Wirtschaft

Abschied von den Niedrigzinsen? Draghi deutet Kurswechsel an

Will Wirtschaftskraft und Inflation mit Nullzinsen und Anleihenkäufe befeuern: EZB-Präsident Mario Draghi (Archivbild).

Will Wirtschaftskraft und Inflation mit Nullzinsen und Anleihenkäufe befeuern: EZB-Präsident Mario Draghi (Archivbild).

(Foto: AP)

Die wirtschaftliche Erholung gewinnt an Fahrt, die Deflationsrisiken schwinden: EZB-Chef Draghi kann die Signale des Aufschwungs in Europa offenbar nicht länger ignorieren.
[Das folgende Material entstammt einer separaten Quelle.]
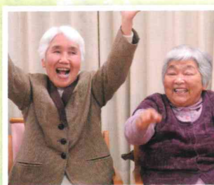
▲笑いヨガ 「ほ・ほ・ははは・いえ〜い」
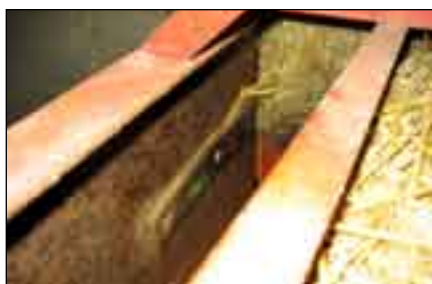
Abb.5 techn. Veränderungen/Flacheisen

- Für eine optimale Ballenqualität ist eine sehr genaue Messereinstellung zu gewährleisten. Kolbenmesser und Gegenschneide sollten möglichst nahe beieinander liegen, nicht über 5 mm (Je nach Pressentyp, siehe Bedienungsanleitung), da so ein gerader Schnitt zustande kommt, der an der fertig gesetzten Wand im Strohhaus weniger Nacharbeit erfordert. Eine Einstellung größer als 5 mm ist dann notwendig, wenn man davon ausgehen muß, dass eventuell im Pressgut enthaltene Steine die Messer zerstören können. Vor allem sollte beachtet werden, dass scharfe Messer eine Voraussetzung für einen reibungslosen Ablauf sind.
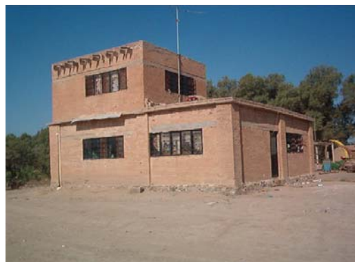
Vista a la construcción de la Casa del Encargado.
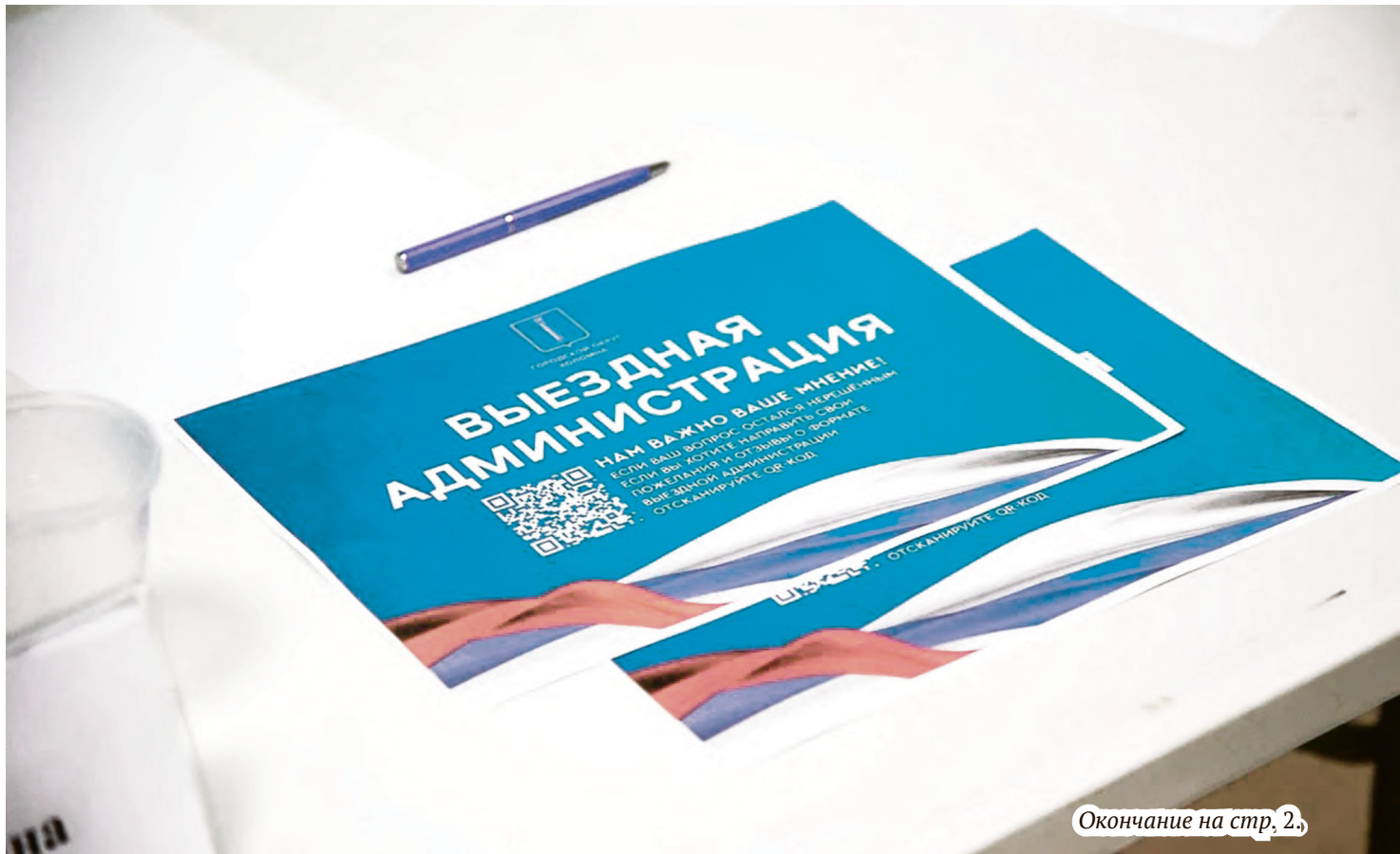
Окончание на стр. 2.

Im portugiesischen Sintra stellt er erstmals einen möglichen Kurswechsel in Aussicht.

Die entscheidenden Worte zum künftigen Kurs der Europäischen Zentralbank (EZB) fallen gegen 10.00 Uhr: Im portugiesischen Sintra tritt Zentralbankchef Mario Draghi ans Rednerpult, um vor Fachleuten die Geldpolitik der Euro-Währungshüter zu erläutern. Dabei spricht er erstmals seit Beginn der historischen Nullzinsphase von der Möglichkeit einer "graduellen Anpassung". Der Kurs des Euro zieht daraufhin steil an. An der Börse geben die Aktienkurse deutlich nach.

Bei dem Auftritt in Portugal signalisierte EZB-Präsident Draghi seine grundsätzliche Bereitschaft zur Anpassung der Geldpolitik an die anhaltende Konjunkturerholung in Europa. Zur Eröffnung des geldpolitischen Forums im portugiesischen Sintra äußerte er zudem die Einschätzung, dass die gegenwärtig inflationsbremsenden Effekte vorübergehender Natur sind.

"Wenn die Erholung anhält, dann wird eine unveränderte Geldpolitik akkommodierender, und die Zentralbank kann die Erholung begleiten, indem sie die Parameter ihrer Politikinstrumente anpasst - nicht, um die geldpolitische Ausrichtung zu straffen, sondern um sie weitgehend unverändert zu halten", sagte Draghi laut vorab verbreitetem Redetext.

An den Märkten lösten diese Aussagen deutliche Reaktionen aus: Der Euro schnellte binnen Minuten in die Höhe und stieg über die Marke bei 1,12 Dollar. An der Börse gingen die Aktienkurse dagegen auf Talfahrt. Der deutsche Leitindex Dax weitete seine Verluste aus dem frühen Handel aus und fiel unter die Kursschwelle bei 12.700 Punkten. Der Bund-Future zehnjähriger Bundestitel gab rund 70 Ticks auf 164,70 Prozent nach.

Worüber die EZB hinwegsehen kann

Der EZB-Präsident äußerte sich zudem zuversichtlich, dass früher oder später auch die Inflation auf das höhere Wachstum reagieren wird. "Es gibt zwar Faktoren, die den Inflationspfad belasten, aber gegenwärtig sind das hauptsächlich vorübergehende Faktoren, über die eine Zentralbank typischerweise hinwegsehen kann", sagte er.

Zugleich erteilte der EZB-Präsident aber einem schnellen Exit eine Absage: "Gleichwohl ist ein beträchtlicher Akkommodationsgrad der Geldpolitik weiter erforderlich, damit die Inflation dauerhaft und selbsttragend an Dynamik gewinnt. Um sicher zu gehen, dass die Inflation zu unserem Ziel zurückkehrt, muss die Geldpolitik ausdauernd sein", sagte Draghi. Anpassungen der EZB-Geldpolitik müssten graduell sein und dürften nur dann stattfinden, wenn es eine ausreichend hohe Sicherheit dafür gebe, dass die Dynamik zunehme.

Draghi hat damit nach Einschätzung von Analysten der Commerzbank weitere Signale für einen - allerdings vorsichtigen - Ausstieg aus der expansiven Geldpolitik gegeben. "Wir sehen unsere Prognose bestätigt, dass die EZB ab Anfang 2018 ihre Anleihenkäufe sehr langsam zurückfahren wird", schreibt Volkswirt Michael Schubert in einem Kommentar. Anzeichen für eine Zinserhöhung vor dem Ende der Käufe könne er unverändert nicht erkennen.